--- REQUIRED WORK ---
Copy out the full data exactly as given; pictures should not be included.

--- ENTRIES PROVIDED ---
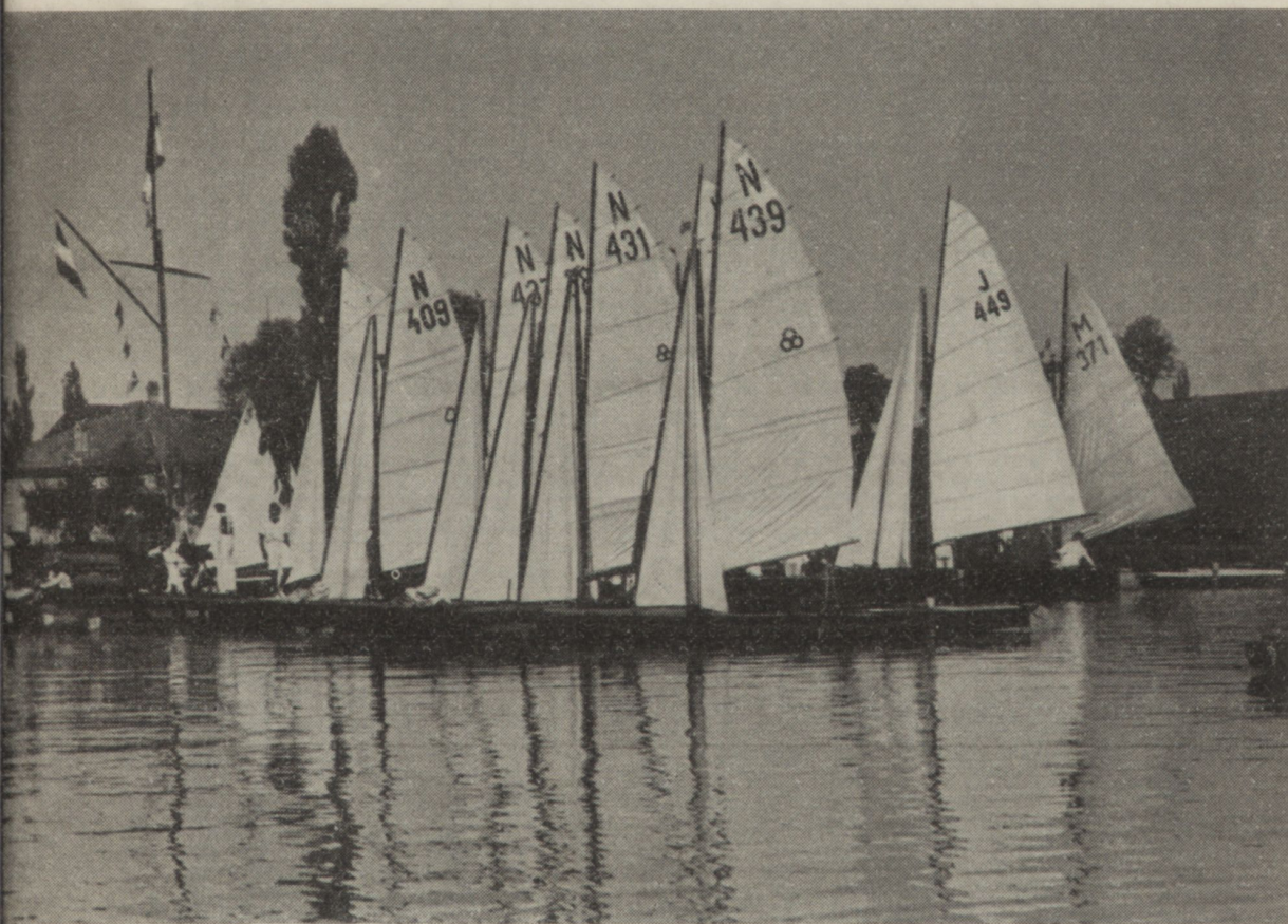
Am Steg des U.-Y.-C. vor Mattsee.

Die Wettfahrtwoche wurde mit einem Einheitszehner-Treffen eröffnet, an dem sich vier Zweigvereine mit sieben Booten be-
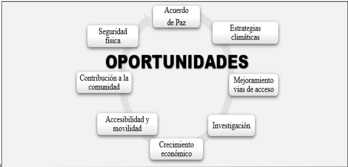
Figura 3. Oportunidades para el turismo de naturaleza en la zona centro
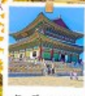
วังเคียงบกทง
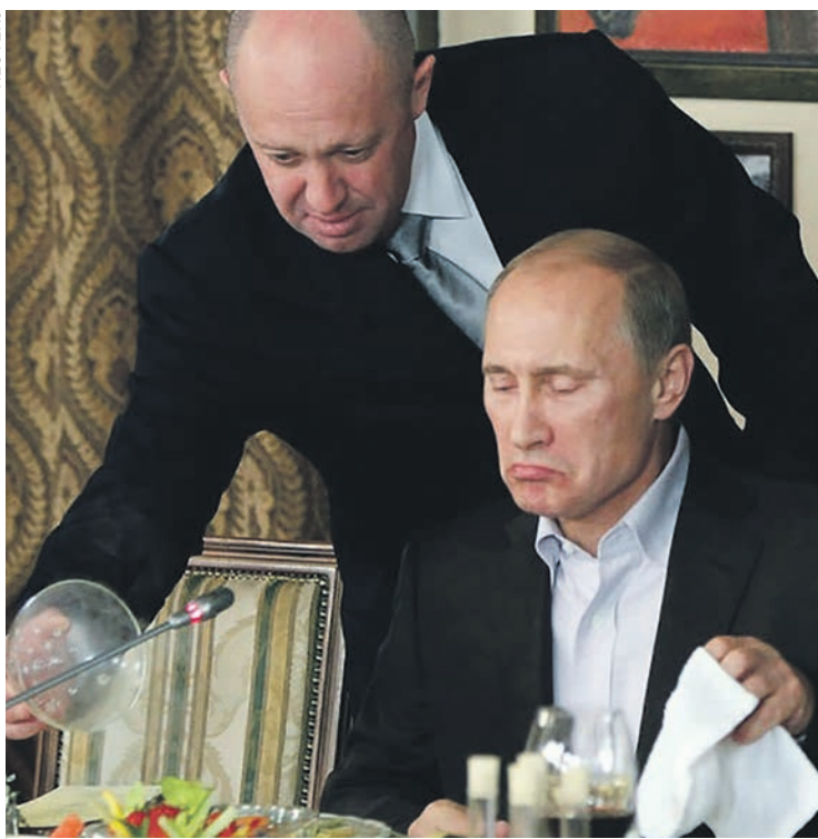
L'oligarque Evgueni Prigojine et Poutine en 2019.

--- TASK SOLUTION ---
Am Steg des U.-Y.-C. vor Mattsee.

Die Wettfahrtwoche wurde mit einem Einheitszehner-Treffen eröffnet, an dem sich vier Zweigvereine mit sieben Booten be-
Figura 3. Oportunidades para el turismo de naturaleza en la zona centro
วังเคียงบกทง
L'oligarque Evgueni Prigojine et Poutine en 2019.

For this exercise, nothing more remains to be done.